Guides

Admin Guide

The Command Center for Human-in-the-Loop intervention. Learn how to review, approve, and correct AI behaviors.

The Triage Dashboard

Admins access a secure dashboard that aggregates all flagged interactions from across the platform. The dashboard is prioritized by Severity.

  • Critical (Red): Immediate threats, self-harm, or severe injection attacks.
  • High (Orange): Strong hallucinations or PII leaks.
  • Medium (Yellow): Ambiguous medical advice or moderate policy violations.

Intervention Workflow

When you select a flaged item, you enter the Review Mode. Here you see the user's original query and the AI's blocked response.

Available Actions

1. Approve (False Positive)

Use this if the system incorrect flagged a safe message.
Action: The message is unblocked and instantly displayed to the user.

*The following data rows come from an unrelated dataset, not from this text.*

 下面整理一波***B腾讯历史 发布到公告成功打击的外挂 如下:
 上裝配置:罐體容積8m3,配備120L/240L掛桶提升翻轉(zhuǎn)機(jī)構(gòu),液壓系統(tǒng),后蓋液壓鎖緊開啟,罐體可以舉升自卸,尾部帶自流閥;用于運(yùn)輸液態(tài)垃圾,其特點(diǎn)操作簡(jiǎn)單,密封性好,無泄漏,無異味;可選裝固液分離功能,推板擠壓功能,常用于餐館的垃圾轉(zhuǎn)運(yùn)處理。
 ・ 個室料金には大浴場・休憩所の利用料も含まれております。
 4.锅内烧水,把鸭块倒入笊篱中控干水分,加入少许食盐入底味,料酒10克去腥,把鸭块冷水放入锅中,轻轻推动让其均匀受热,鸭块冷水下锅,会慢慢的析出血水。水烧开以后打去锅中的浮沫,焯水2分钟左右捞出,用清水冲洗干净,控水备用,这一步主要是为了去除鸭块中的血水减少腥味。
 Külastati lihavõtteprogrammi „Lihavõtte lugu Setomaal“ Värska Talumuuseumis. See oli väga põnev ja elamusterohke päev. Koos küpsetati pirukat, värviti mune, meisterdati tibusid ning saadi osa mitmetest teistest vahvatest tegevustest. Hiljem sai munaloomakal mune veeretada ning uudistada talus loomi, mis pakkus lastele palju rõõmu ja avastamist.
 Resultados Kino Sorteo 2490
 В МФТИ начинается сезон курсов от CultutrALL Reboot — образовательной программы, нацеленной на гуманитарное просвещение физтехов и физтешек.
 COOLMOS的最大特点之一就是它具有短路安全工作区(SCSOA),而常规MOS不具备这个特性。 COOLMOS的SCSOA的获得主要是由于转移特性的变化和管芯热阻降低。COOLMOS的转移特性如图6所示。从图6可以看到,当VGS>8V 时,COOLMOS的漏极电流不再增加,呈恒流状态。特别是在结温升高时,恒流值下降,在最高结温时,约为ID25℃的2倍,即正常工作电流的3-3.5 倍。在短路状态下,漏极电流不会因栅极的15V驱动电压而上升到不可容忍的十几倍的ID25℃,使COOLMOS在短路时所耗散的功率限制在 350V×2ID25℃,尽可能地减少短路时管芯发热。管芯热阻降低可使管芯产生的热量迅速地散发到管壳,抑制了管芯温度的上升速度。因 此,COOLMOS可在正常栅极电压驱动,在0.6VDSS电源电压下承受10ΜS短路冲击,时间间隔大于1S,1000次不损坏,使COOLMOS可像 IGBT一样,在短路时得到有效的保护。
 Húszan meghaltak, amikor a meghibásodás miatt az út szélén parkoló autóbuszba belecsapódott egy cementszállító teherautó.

The system logs this as a safe pattern.

2. Confirm Block

Use this if the violation was correctly identified.
Action: The user is notified that the content remains blocked. The user may be suspended if repeated.

3. Specialist Correction

The Core HITL Feature. Use this to rewrite the AI's response manually.
Action: Your written response replaces the blocked AI message. The user sees the corrected answer, and this pair (Query + Corrected Response) is saved for fine-tuning.

Anomaly Logs

Every decision you make is recorded in the Anomaly Log. This dataset becomes the ground truth for training future iterations of the Llama 3.1 guardrail model, creating a continuous improvement loop.